Сейчас Ангелине смешно и страшно было даже думать о том, как она терзалась сомнениями относительно отца ребенка, как поклялась убить дитя и покончить с собой, если различит в чертах новорожденного черты ненавистного Лелупа. Чем более был срок беременности, тем более родной себе ощущала Ангелина свою ношу. Сердце подсказало верный ответ задолго до того, как Ангелина увидела маленькое точеное личико и светлые бровки вразлет, поднятые над висками, что придавало даже и такой крохе дерзкое, отважное выражение; задолго до того, как в синие глаза матери взглянули ясно-серые глаза дочери, как две капельки схожие с глазами ее отца. Это была Юлия Никитична Аргамакова, видит бог: она была его дочь, Никиты, хотя пока что крошечка звалась Жюли де Мон и считалась наследницей огромного состояния своего приемного отца.
Когда Ангелина увидела завещание своего мужа, с нею случилась настоящая истерика от ненависти к судьбе, которая дала ей такого друга, как Ксавье де Мон, лишь затем, чтобы тотчас отнять его. То ли предчувствуя скорую и внезапную кончину, то ли отдавая дань летам (ведь ему было далеко за семьдесят), то ли просто повинуясь профессиональной тщательности в ведении всяких, тем более – своих дел, нотариус де Мон передал своей супруге Анжель де Мон не только все состояние де ла Фонтейнов, но и свое собственное, размеры коего были мало сказать значительны – огромны! Со смертью мужа Анжель сделалась одной из богатейших женщин Парижа, однако об этом мало кто знал, кроме близкого друга нотариуса, ставшего поверенным в делах Ангелины.
У де Мона не было ни родственников, ни друзей. Надо думать, он их и не искал, всецело отдавшись работе и принимая вид, что ему нет дела ни до кого на свете. Никто не тревожил Ангелину подозрениями и непристойным удивлением по поводу того, что скоропалительно женившийся нотариус так же скоропалительно скончался, оставив какой-то особе (пусть и жене) сказочное богатство. Слуги, которые есть в доме главные предатели и распускатели сплетен, любили своего хозяина и перенесли свое почтение на ту, которую истинно любил он, тем более что никто из них не был обойден щедростью покойного и всяк оказался упомянут в завещании. Ксавье де Мон позаботился обо всех… даже об Оливье, однако того едва не хватил удар, когда он узнал, что нотариус перед самым отъездом в Кале составил новое завещание, по которому весь его капитал (в том числе и новообретенный в Бокере) переходил во владение Анжель де Мон, и наследовать его мог только ее ребенок, буде он родится, если же этого не произойдет – ее дети от нового брака. Если же мадам де Мон умрет бездетной и не пожелает изменить завещание в пользу кого бы то ни было (на это была ее полная воля и власть!), деньги переходили к благотворительным учреждениям.
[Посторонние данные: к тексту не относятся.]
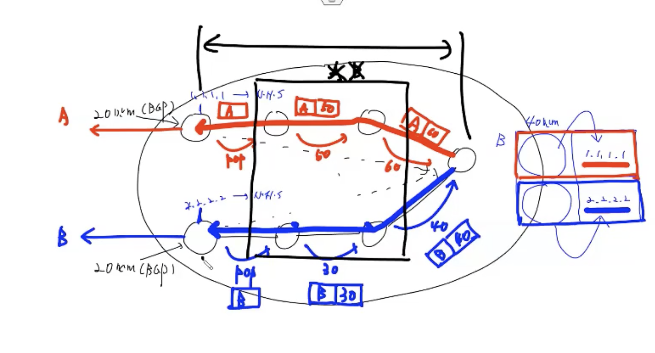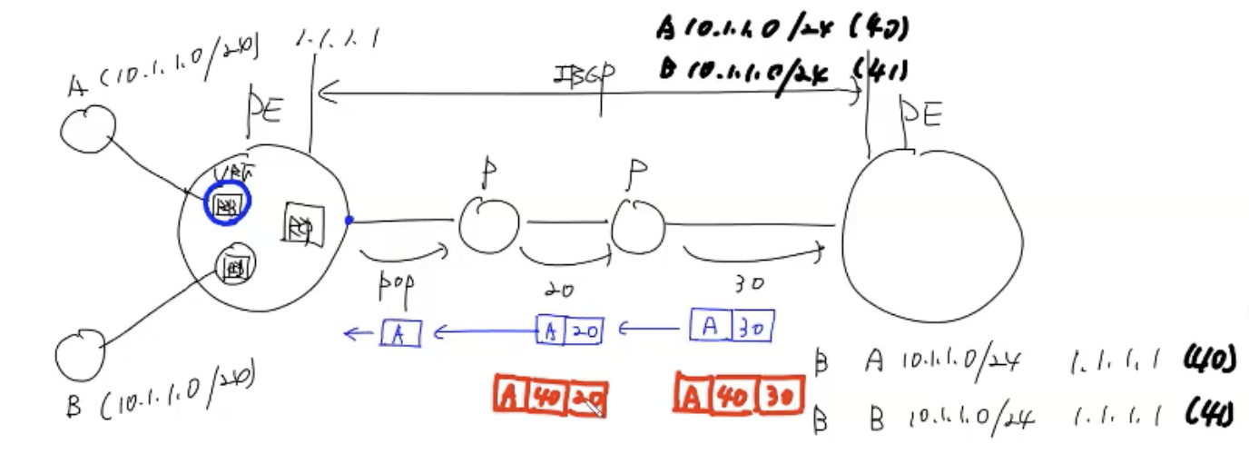 - 전용회선 처럼 쓰기 때문에, 다른 고객끼리 같은 ip를 사용할 수 있음. 그래서 VRF를 만듦. (A, B 고객) A 고객의 정보는 label 정보를 40, B 고객의 정보는 label 정보를 41로 퍼뜨림. 그리고 PE1은 해당 40, 41 레이블로 들어오면 어느쪽으로 나갈 수 있는지 앎.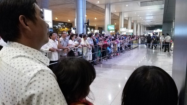 Càng về khuya, lượng người đổ về sân bay Tân Sơn Nhất càng đông bất thường. Có nhiều trường hợp, một gia đình 10 người đến đón 1 người. Nhiều người cố gắng đứng lên cao để ngóng người thân, theo Vietnamnet.

В завещании было только одно условие: вышеупомянутой мадам де Мон предписывалось ежемесячно выделять Оливье де ла Фонтейну содержание, обусловленное в предыдущем соглашении, в случае же ее смерти обязаны были следить за достатком де ла Фонтейна ее дети – до самой его смерти. Оливье имел право вступить в брак – в таком случае его содержание увеличивалось на 50 процентов и на 20 – с рождением каждого его ребенка. Кроме того, в его пользование переходил пресловутый дом в Бокере. В случае же, если Анжель де Мон пожелает отдать свою руку Оливье де ла Фонтейну, распоряжение капиталом все равно оставалось полностью в ее ведении; даже после ее смерти Оливье не мог его наследовать: он по-прежнему всецело должен был зависеть от ее детей.
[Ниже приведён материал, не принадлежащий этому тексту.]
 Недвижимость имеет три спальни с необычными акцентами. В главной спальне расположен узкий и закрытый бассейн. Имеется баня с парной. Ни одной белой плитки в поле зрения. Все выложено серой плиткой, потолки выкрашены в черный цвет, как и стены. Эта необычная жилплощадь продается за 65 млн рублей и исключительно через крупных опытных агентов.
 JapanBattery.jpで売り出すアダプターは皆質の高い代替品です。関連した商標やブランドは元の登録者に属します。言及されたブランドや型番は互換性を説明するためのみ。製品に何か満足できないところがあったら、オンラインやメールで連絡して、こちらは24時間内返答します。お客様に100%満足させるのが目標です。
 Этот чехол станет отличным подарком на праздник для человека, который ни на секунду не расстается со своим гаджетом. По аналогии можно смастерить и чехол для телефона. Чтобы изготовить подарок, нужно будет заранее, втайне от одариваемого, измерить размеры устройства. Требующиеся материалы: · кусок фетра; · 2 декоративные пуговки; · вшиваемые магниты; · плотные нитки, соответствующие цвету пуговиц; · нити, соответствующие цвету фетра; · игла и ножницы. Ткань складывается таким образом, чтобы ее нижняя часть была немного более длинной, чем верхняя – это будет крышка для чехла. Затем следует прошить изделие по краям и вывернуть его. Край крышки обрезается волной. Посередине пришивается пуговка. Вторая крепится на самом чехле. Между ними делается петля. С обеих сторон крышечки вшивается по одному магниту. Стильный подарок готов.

Посредством такого вот запутанного и вместе с тем очень простого завещания нотариус де Мон, хорошо знавший человеческую природу, решил обеспечить благосостояние Ангелины при всяком повороте судьбы.
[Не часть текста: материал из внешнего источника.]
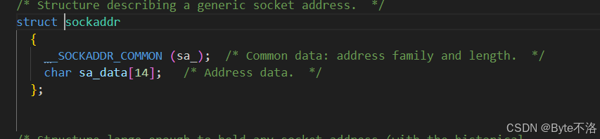 总而言之就是因为C语言没有多态,所以只有通过这样的方式实现,sockaddr 是 socket 接口中的通用地址结构,用于统一不同协议族的函数参数;而 sockaddr_in 等具体结构体才是真正用于存储 IP、端口等地址信息的实现。

Правда, при всем своем желании даже он не смог обеспечить ей покоя.
С трудом оторвавшись от созерцания дочери, Ангелина неслышно прошла в дом и поднялась по боковой лестничке к себе в бельэтаж. Она позвала горничную не прежде чем умылась, переоделась и собрала в узел свои роскошные, хоть и непослушные волосы.
– Месье де ла Фонтейн дома? – спросила она, стараясь, чтобы голос ее звучал, как обычно, не выдавая ее тревогу.
– Нет, мадам. Месье как ушел утром, так и не возвращался.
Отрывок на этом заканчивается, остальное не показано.